There are echoes in this configuration from the old EE Internet gp.py that was used on the old Bullen point web page setup:
http://ine.uaf.edu/werc/projects/bullen/stations.html


I got started with this whole datapro enterprise trying to get old CR10X Array based data files to be shown using the gp.py python stuff that EE Internet wrote. So, with data.html, the key piece of the puzzle which starts everything running is down at the bottom of the page, javascript on lines 85-92:

<script type="text/javascript">
    function init() { 
        make_diag_table();
        data_toggle('ss_met/web/delay_3wks.csv','Oldness @ Super Site Met');
    }

				
</script>


The init() function is found in:

web_site/js/interface_to_dygraph_diagpage.js

Check out line 17 of that file for function make_diag_table(). That's pretty much where the magic happens, that function. You'll see that there are a few hard coded files that the javascript looks for. Some sites don't have all of these, or the battery voltage file might have a different name. I use symlinks on linux to still make sure there is an appropriate file there.

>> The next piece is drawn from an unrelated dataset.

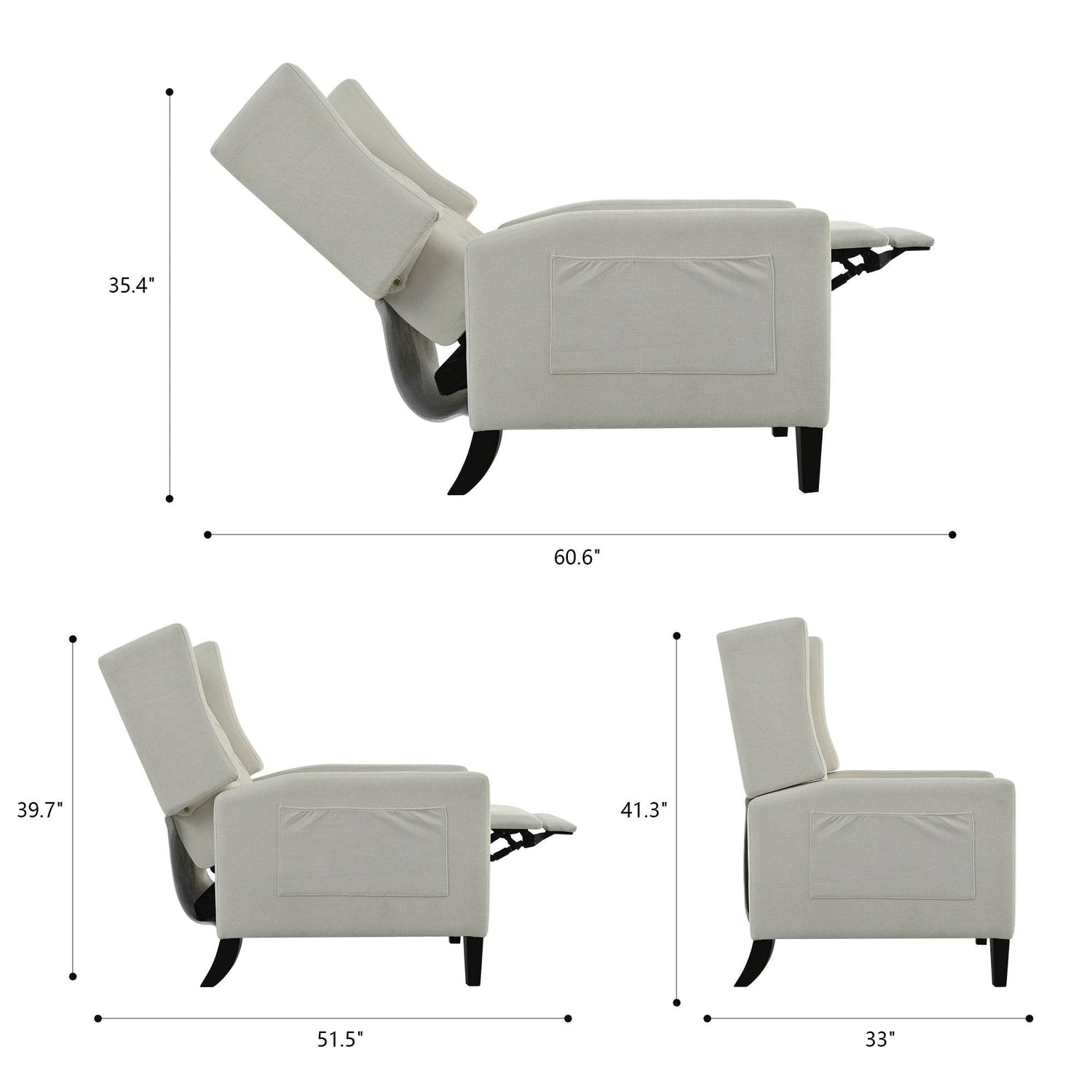 Mid-Century Fabric Pushback Recliner Chair With USB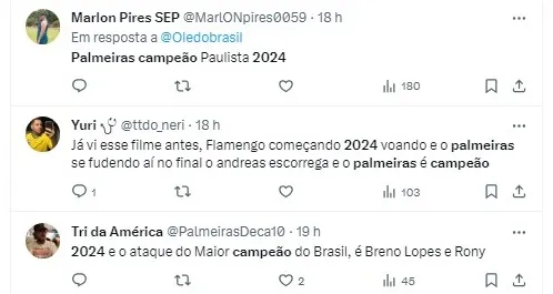 Campeão do Paulistão, da Supercopa do Brasil e do Brasileirão em 2023, a equipe de Abel Ferreira entra na temporada como favorito para conquistar mais títulos. No entanto, Cicinho não compartilha do otimismo e afirmou que o Palmeiras “não vai ganhar nada”.

I think that's the gist of everything. The last piece of the puzzle I guess is:

web_site/ss_met_summary.html

I write that file by hand (well, more accurately I do a file save-as from an existing one and then edit it to reflect the new station being worked on. The file name ties into the diag.json. The name for this is "StationAltName" from the diag.json plus the suffix "_summary.html".